악성코드 대부분이 바이너리 파일로 구성되어있는 특성을 통해 바이너리 파일을 기반으로 악성코드를 정적분석하기 위한 다양한 접근법이 연구되고 있다. Due to the fact that most malicious codes are composed of binary files, various approaches for static analysis of malicious codes based on binary files have been studied.

그 예로, PE 포맷과 DLL 간 계층적 종속관계를 분석하여 정적 의존성 트리를 추출하는 악성코드 정적 분석 시스템 등과 같은 악성 코드를 분석하기 위한 시스템이 존재한다. For example, there is a system for analyzing malicious code such as a static analysis system that extracts a static dependency tree by analyzing hierarchical dependencies between the PE format and the DLL.

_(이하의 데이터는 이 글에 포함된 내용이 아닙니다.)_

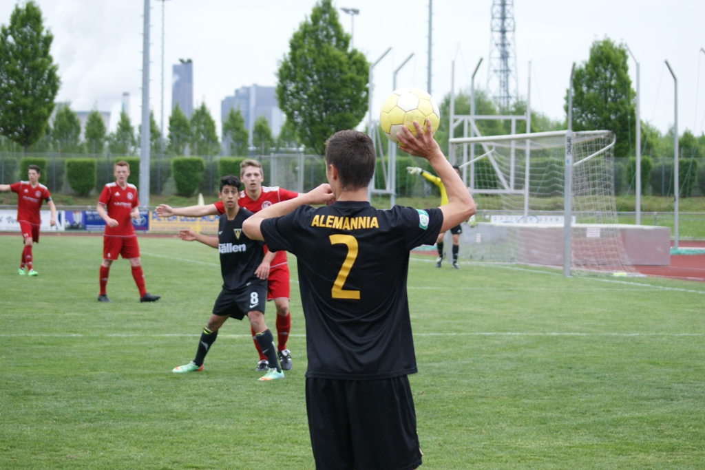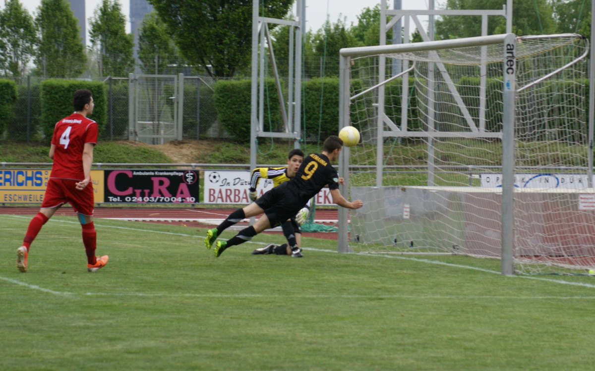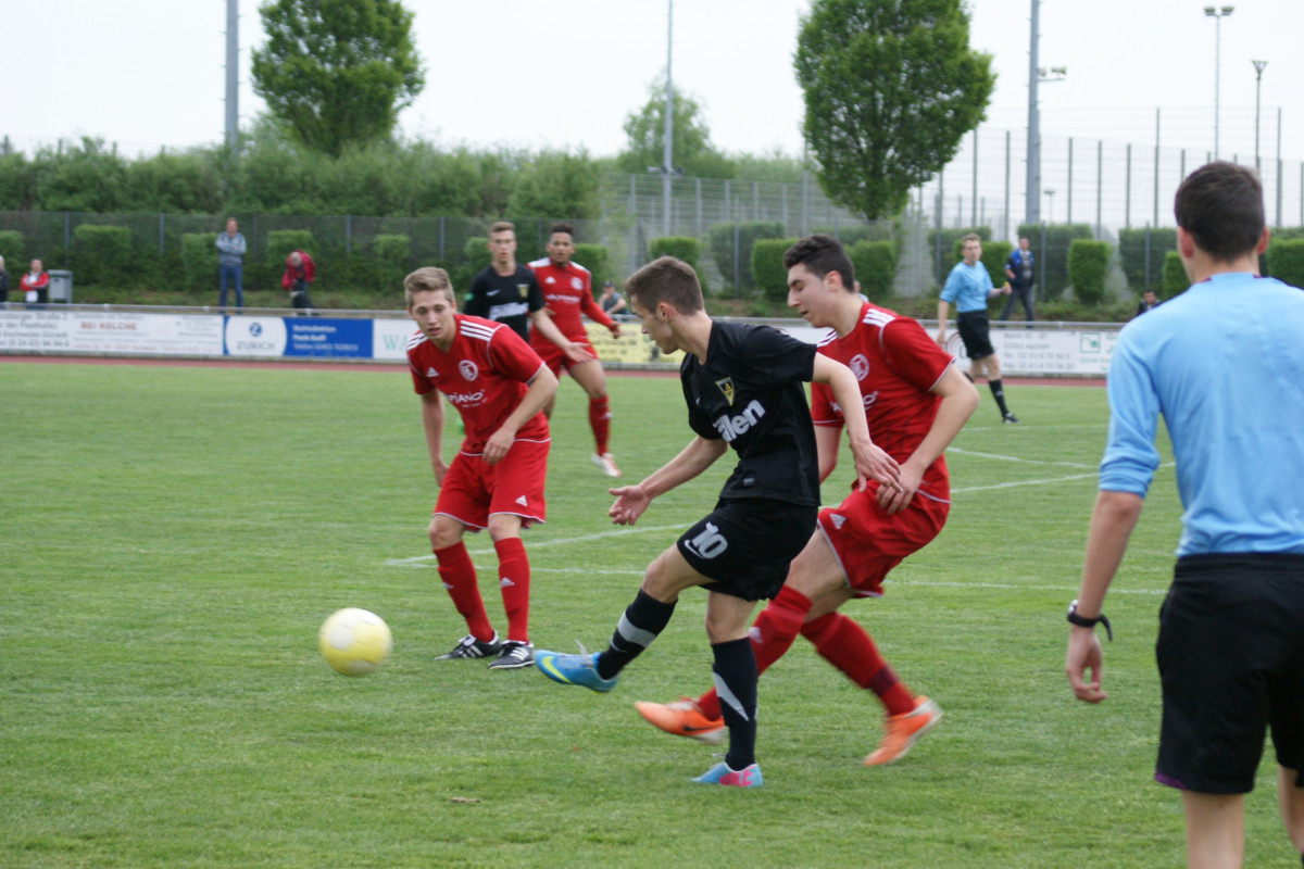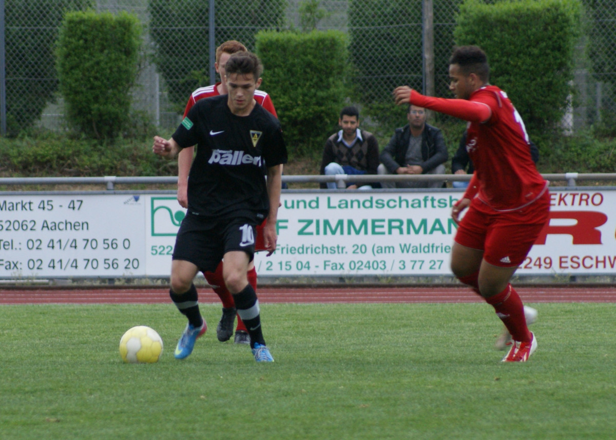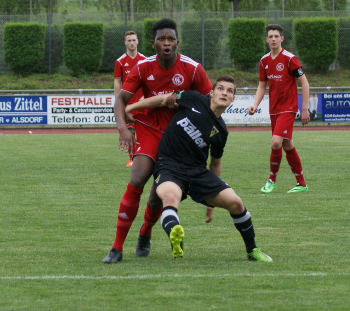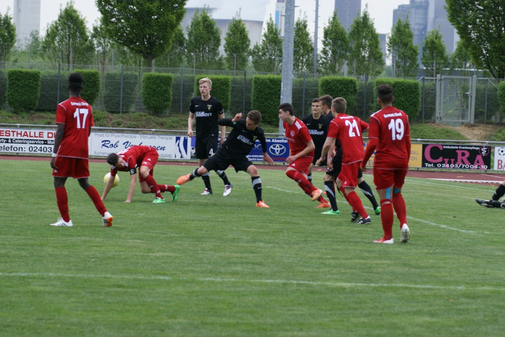 Die U19 der Alemannia bleibt Spitzenreiter Viktoria Köln auf den Fersen. Im Lokalderby beim Tabellenletzten Germania Dürwiß siegten die Schwarz-Gelben deutlich mit 7:0 (4:0) und haben damit weiterhin zwei Zähler Rückstand auf den Spitzenreiter von der rechten Rheinseite.

하지만, 이러한 악성코드 정적 분석은 패킹 또는 난독화를 해결해야 하는 문제점을 갖는다. 이에 따라, 본 발명은 패킹 또는 난독화의 문제점을 해결하기 위한 심볼 기반 악성코드 분석 모델을 제안한다.However, this malicious code static analysis has a problem that must solve the packing or obfuscation. Accordingly, the present invention proposes a symbol-based malware analysis model for solving the problem of packing or obfuscation.

도 1은 본 명세서에서 제안하는 악성 코드를 탐지하기 위한 장치의 전체적인 구성을 예시하는 도면이다.1 is a diagram illustrating the overall configuration of an apparatus for detecting malicious code proposed herein.

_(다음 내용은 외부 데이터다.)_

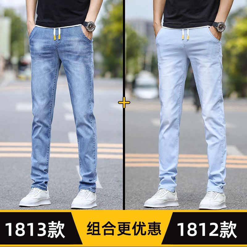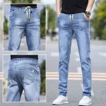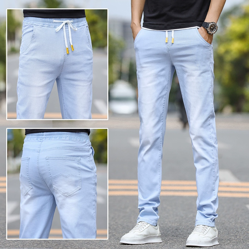 Elastic waist spring and autumn drawstring work non-magnetic jeans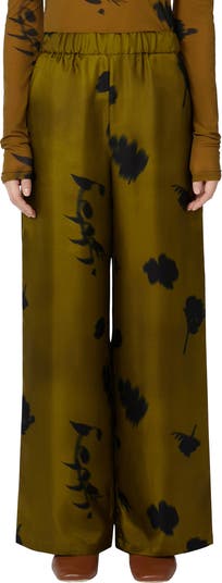 Luxe silk offers a refined appearance in these straight-leg pants fashioned with a comfortable pull-on waist and vibrant print.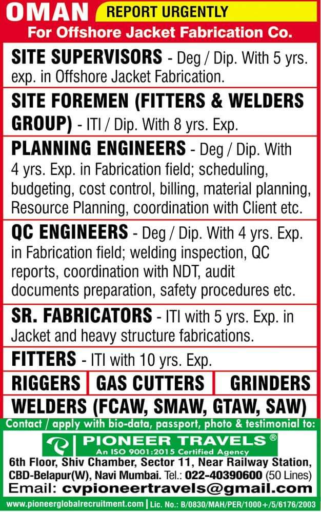 Requirements available in our office is mentioned below in image, If you are matching candidate by condition mentioned in image, You can come our office with original Passport with your CV to Shortlist yourself before Interview, Without Shortlisting process, No Interview will conduct on same date.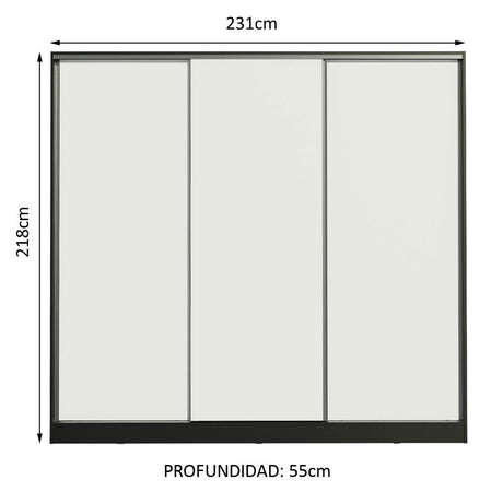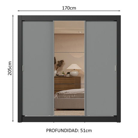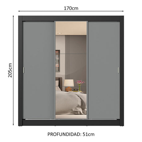 Placard Matrimonial 3 Puertas Corredizas 2 Cajones Negr...
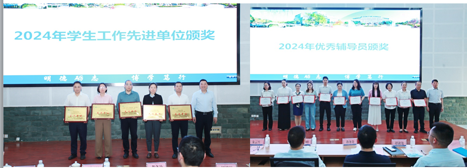 会议为2024年度学生工作先进单位钒钛学院、经管学院、生化学院(农学院)、医学院、外语学院和蔡旻甫等14名优秀辅导员颁奖。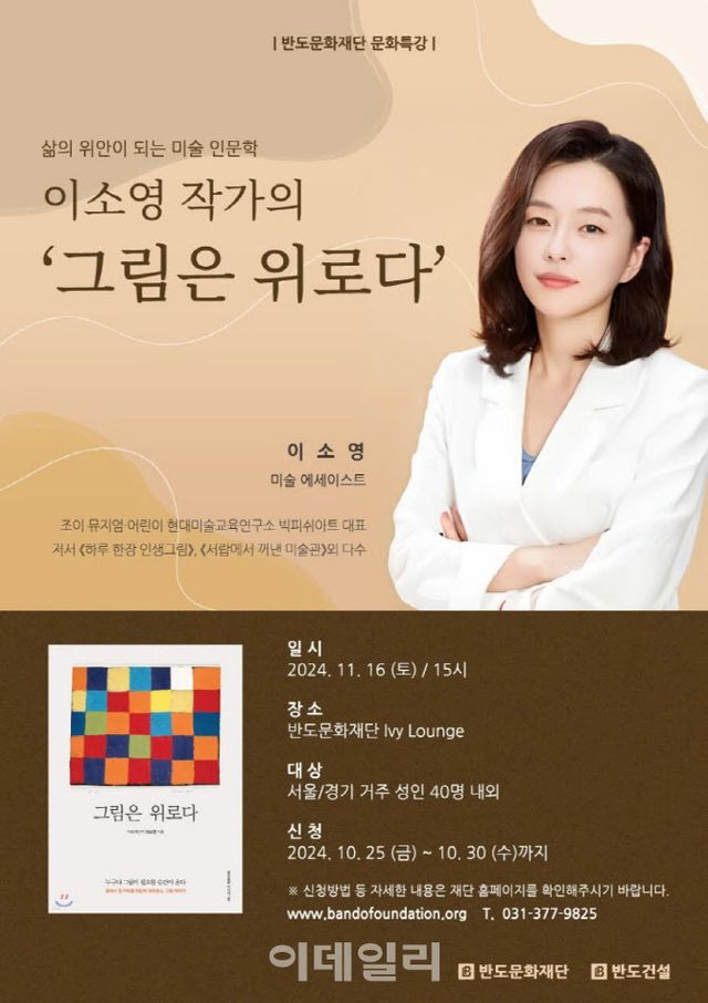이번 강연은 이소영 작가의 저서 ‘그림은 위로다’를 통해 다양한 화가의 작품과 삶을 소개하고 우리의 삶에 적용할 수 있는 긍정적인 가치관을 공유하는 시간이 될 예정이다.

심볼에 기반하여 악성 코드를 측정하기 위한 장치(100)는 입력부(110), 저장부(120), 제어부(130) 및/또는 출력부(140) 등을 포함할 수 있다.The apparatus 100 for measuring malicious code based on a symbol may include an input unit 110, a storage unit 120, a control unit 130, and / or an output unit 140.

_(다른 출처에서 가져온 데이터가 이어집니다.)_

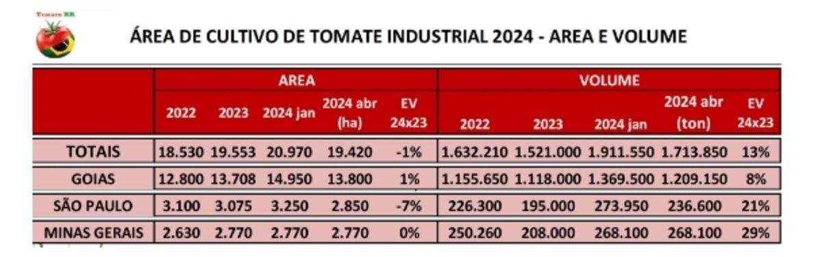 Segundo Vlamir Breternitz, diretor da Tomate BR, a área de cultivo deve ultrapassar 19 mil hectares, uma revisão das projeções divulgadas pela associação no início deste ano, quando se esperava um aumento de 7% do espaço ocupado pelas plantações. A produção deve alcançar em torno de 1,7 milhão de toneladas e os números das colheitas devem ficar bem próximos dos registrados em 2022, conforme mostra a projeção mais recente da entidade.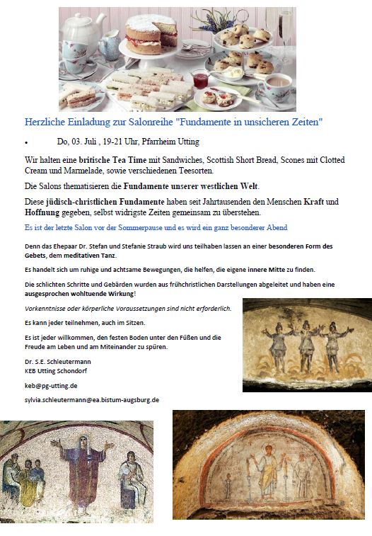 Herzliche Einladung zur Salonreihe "Fundamente in unsicheren Zeiten" Do, 03. Juli , 19-21 Uhr, Pfarrheim Utting Wir halten eine britische Tea Time mit Sandwiches, Scottish Short Bread, Scones mit Clotted Cream und Marmelade, sowie verschiedenen Teesorten. Die Salons thematisieren die Fundamente unserer westlichen Welt. Diese jüdisch-christlichen Fundamente haben seit Jahrtausenden den Menschen Kraft und Hoffnung gegeben, selbst widrigste […] |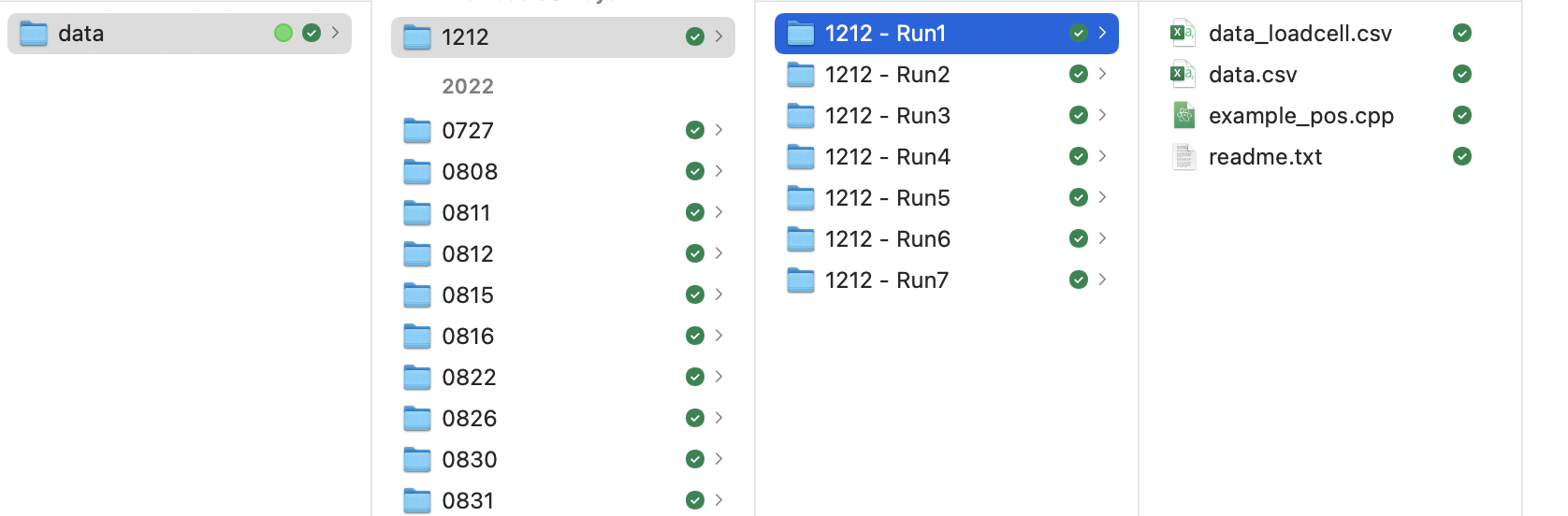 - Copy and paste 'data.csv' and 'data_loadcell.csv' files to some local directory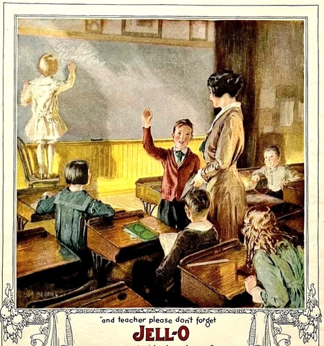1922 Jell-O Dessert School Lithograph XL Advertisement 14 x 11" Gelatin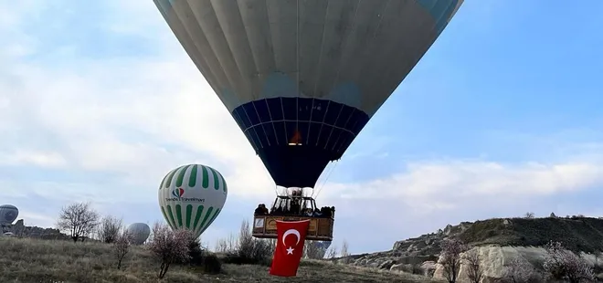Türk bayrağı taşıyan balonlar Kılıçlar ve Güllüdere vadilerinde yaklaşık bir saat boyunca uçuş gerçekleştirdi.

도 1에 도시된 구성요소들이 필수적인 것은 아니어서, 그보다 많은 구성요소들을 갖거나 그보다 적은 구성요소들을 갖는 전자기기가 구현될 수도 있다.Since the components shown in FIG. 1 are not essential, an electronic device having more or fewer components may be implemented.

이하, 상기 구성요소들에 대해 차례로 살펴본다.Hereinafter, the components will be described in order.

입력부(110)는 사용자가 장치의 동작을 위한 입력 데이터를 발생시킬 수 있으며, 사용자로부터 심볼 기반 악성 코드 탐지 모델을 위한 샘플 파일을 입력 받을 수 있다. 여기서 입력 데이터는 바이너리 파일일 수 있다.The input unit 110 may generate input data for the operation of the device by the user, and may receive a sample file for the symbol-based malicious code detection model from the user. The input data may be a binary file.

예를 들면, 입력부(110)는 후술할 심볼 기반 악성 코드 탐지 모델을 위한 다양한 샘플 파일을 입력받을 수 있다.For example, the input unit 110 may receive various sample files for a symbol-based malicious code detection model, which will be described later.

저장부(120)는 제어부(130)의 동작을 위한 프로그램을 저장할 수 있고, 입/출력되는 데이터들을 임시 저장할 수도 있다. 사용자로부터 심볼 기반 악성 코드 탐지 모델을 위한 샘플 파일을 저장할 수 있으며, 악성코드의 분석 결과를 저장할 수 있다.The storage unit 120 may store a program for the operation of the controller 130 and may temporarily store input / output data. Sample files for symbol-based malware detection models can be saved from users, and the analysis results of malware can be saved.

상기 저장부(120)는 플래시 메모리 타입(flash memory type), 하드디스크 타입(hard disk type), 멀티미디어 카드 마이크로 타입(multimedia card micro type), 카드 타입의 메모리(예를 들어 SD 또는 XD 메모리 등), 램(Random Access Memory, RAM), SRAM(Static Random Access Memory), 롬(ReadOnly Memory, ROM), EEPROM(Electrically Erasable Programmable ReadOnly Memory), PROM(Programmable ReadOnly Memory) 자기 메모리, 자기 디스크, 광디스크 중 적어도 하나의 타입의 저장매체를 포함할 수 있다. The storage unit 120 may include a flash memory type, a hard disk type, a multimedia card micro type, and a card type memory (for example, SD or XD memory). RAM, Random Access Memory (RAM), Static Random Access Memory (SRAM), ReadOnly Memory (ROM), Electrically Erasable Programmable ReadOnly Memory (EEPROM), Programmable ReadOnly Memory (PROM) magnetic memory, magnetic disk, optical disk It may include one type of storage medium.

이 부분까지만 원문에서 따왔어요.